The recent case of R (A) v West Middlesex University Hospital Health Trust 2008]
EWHC 855 (Admin) was in relation to a rejected asylum seeker, but it has a wider application for lawfully present and ordinarily resident migrants. It established that current Department of Health guidance allowing hospitals to refuse all but
‘immediately necessary treatment’ to some migrants unless payment was forthcoming was unlawful.
8.4 Gender
The main issue raised in relation to gender and health care is access to antenatal care and maternity services. Despite the restrictions, all women are entitled to antenatal care, which falls under the category of ‘immediately necessary’. In the Médecins du Monde project, the largest single number of visits (118 in 2006–7, or 22 per cent) was for reasons of pregnancy, childbirth and family planning (Médecins du Monde, 2008). Many women had turned to the clinic to get help to access such care as well as terminations. Although the project was able to register their patients with GPs, many were refused access to free terminations. Thus exceptions to the 2004 regulations are not always applied in practice.

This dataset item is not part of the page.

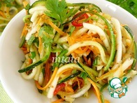 Хочу предложить вкусную, сочную, острую, пикантную закуску (салат) из молодого цуккини и моркови. Готовится очень легко, прекрасно сочетается с печеным или отварным мясом. Рецепт полностью...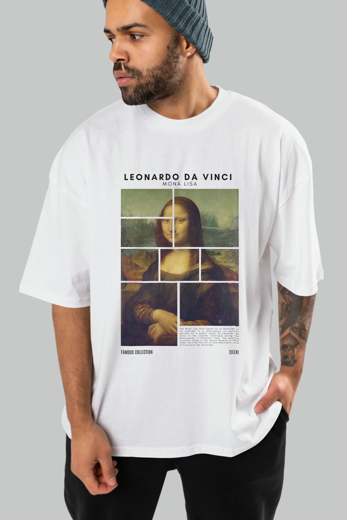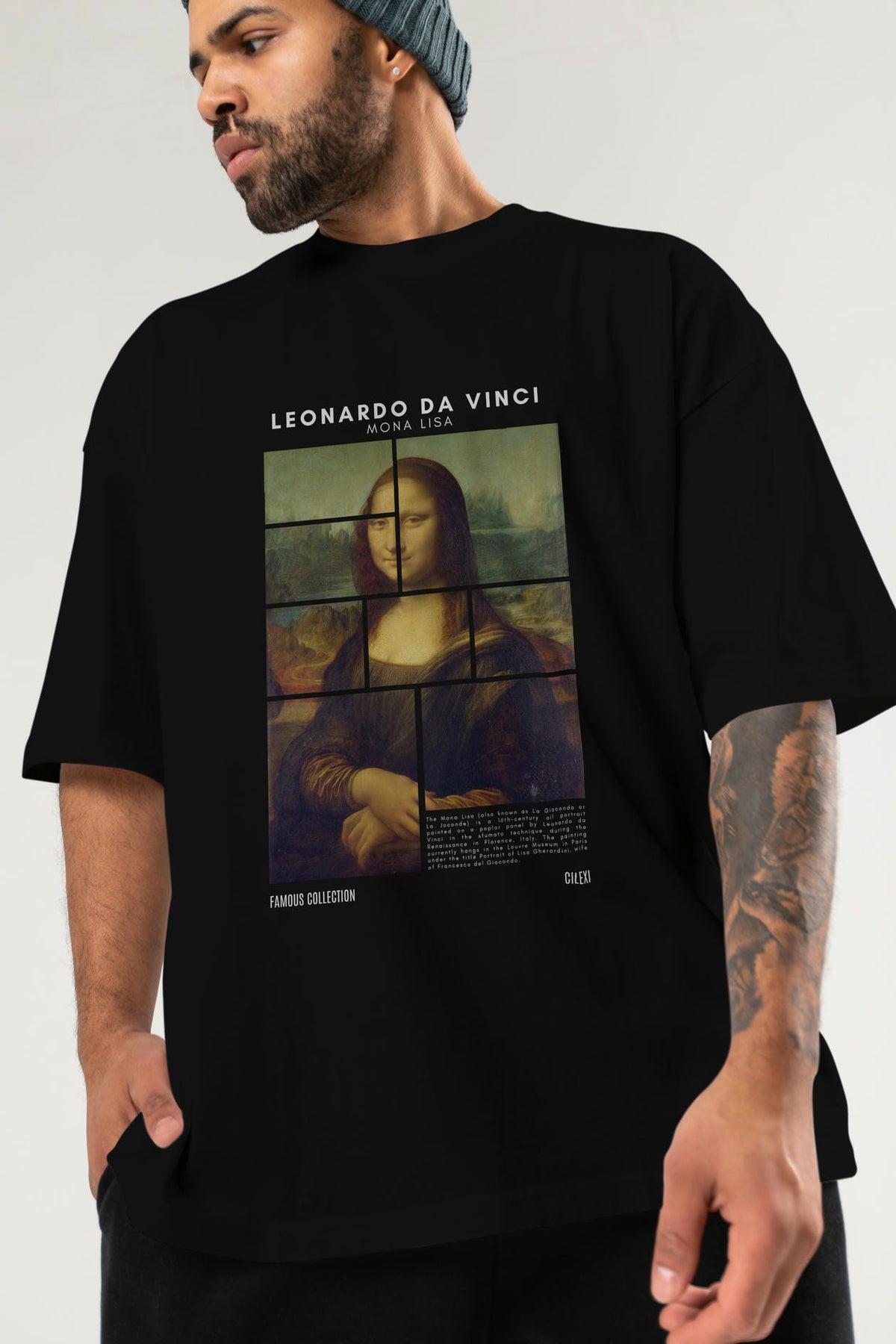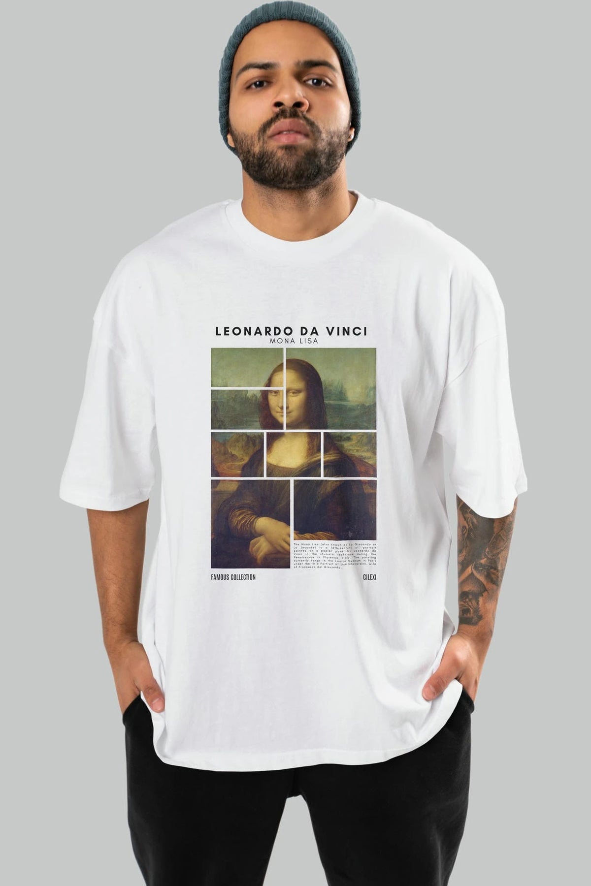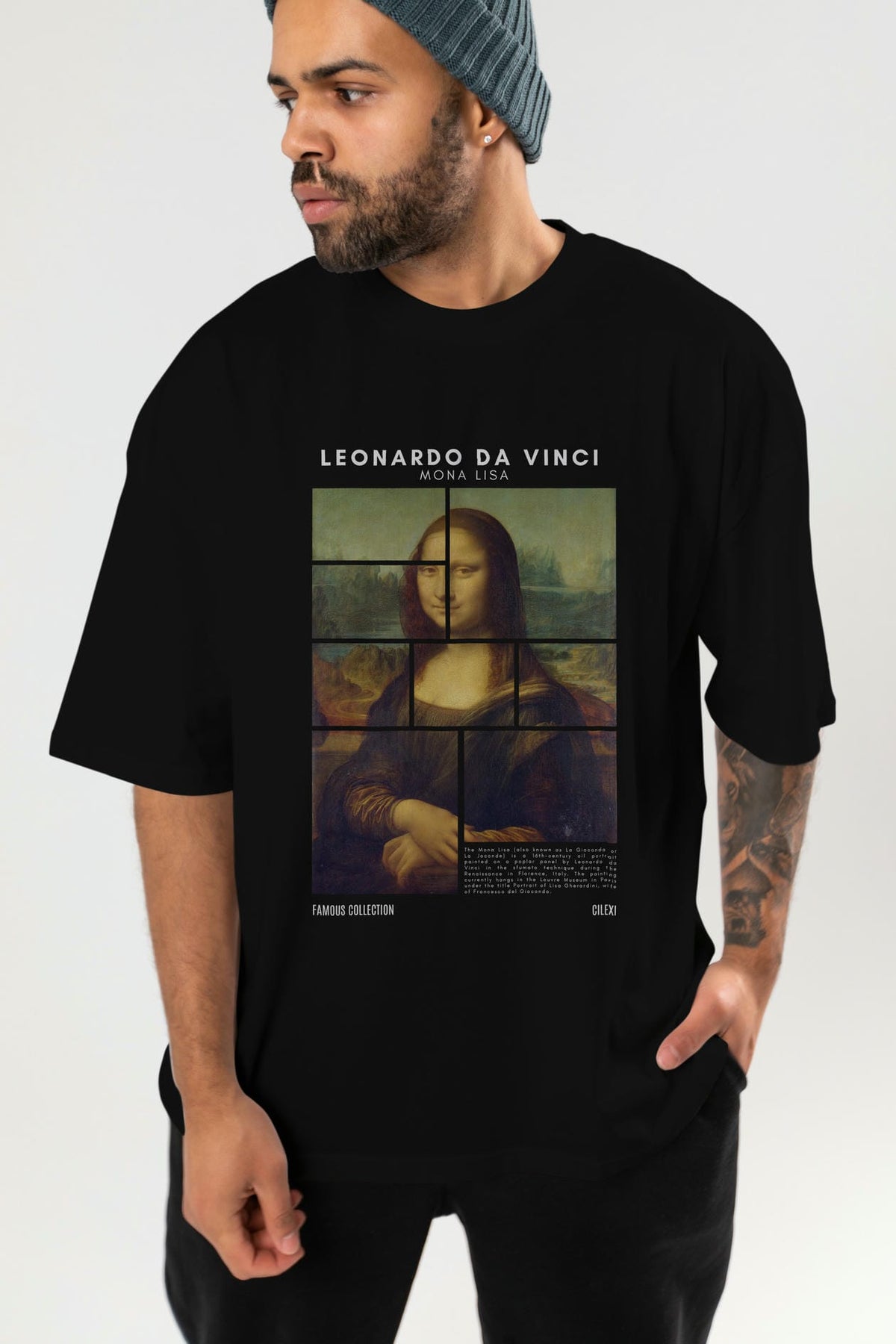 Leonardo Da Vinci Mona Lisa ön Baskılı Oversize t-shirt Erkek Kadın Bisiklet Yaka Pamuk tişort

There is evidence of pressures on maternity services, where women arrive late in the pregnancy, making planning service provision difficult (IoCC/LGA, 2008). In some areas the increase in birth rates among migrants is said to have contributed to the closure of some units, so that midwives could be moved to areas of more urgent need27. The London Strategic Health Authority argued that the increase in the number of births to migrant women, and the fact that ‘births within migrant groups can often be more difficult, more dangerous and more expensive – with much higher rates of type 2 diabetes, tuberculosis and HIV among mothers who often turn up very late in their pregnancy’, partly explained why maternity services in London performed poorly. In central London, senior consultants and health managers put the blame for unacceptably poor standards on a lack of resources to deal with the pressures of migration28.

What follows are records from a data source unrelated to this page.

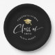 CONGRATULATIONS! Modern custom name graduation paper plate with trendy script calligraphy reading CLASS of under a printed gold grad cap. Personalize with your name in an arch and the year of your graduation.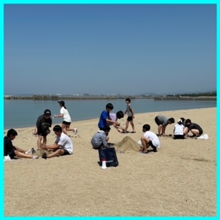 浜辺では、砂で何かが作られています。 何ができあがるのでしょうか?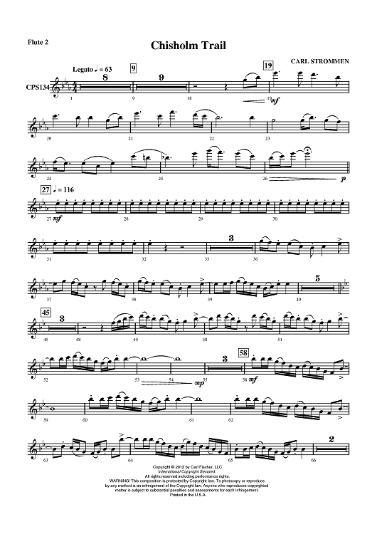 "Chisholm Trail - Flute 2" Sheet Music by Carl Strommen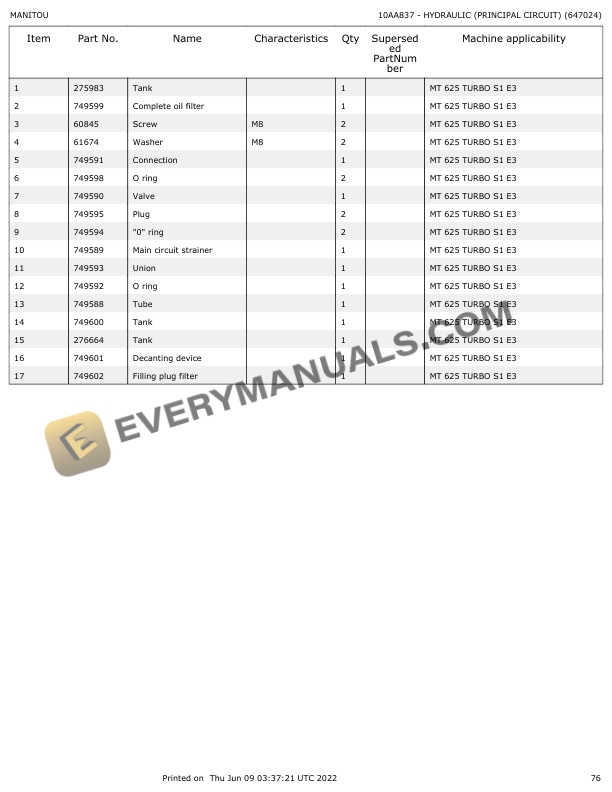 - 6.1.7.2. E956 HYDRAULIC (TELESCOPE CIRCUIT) (647024)

In their study of the impact of migration on maternal and infant health in the West Midlands, Taylor and Newall (2008) concluded that infant mortality was a significant problem among large migrant communities with high levels of deprivation. Although the data is poor, there is evidence that children of migrants have a higher stillbirth rate than those born to British mothers in Birmingham. Among the various migrant groups, women seeking asylum and the growing number of women with ‘No
Recourse to Public Funds’ are particularly vulnerable. The authors recommend that
‘infant mortality strategy must take account of the needs of migrants, including developing methods to systematically monitor the impact of migration and
immigration policy upon outcomes, and ensuring that services meet needs and that a multi-sector approach is required in order to address infant mortality within this group, as so many of the issues relate to the “wider determinants of health”’.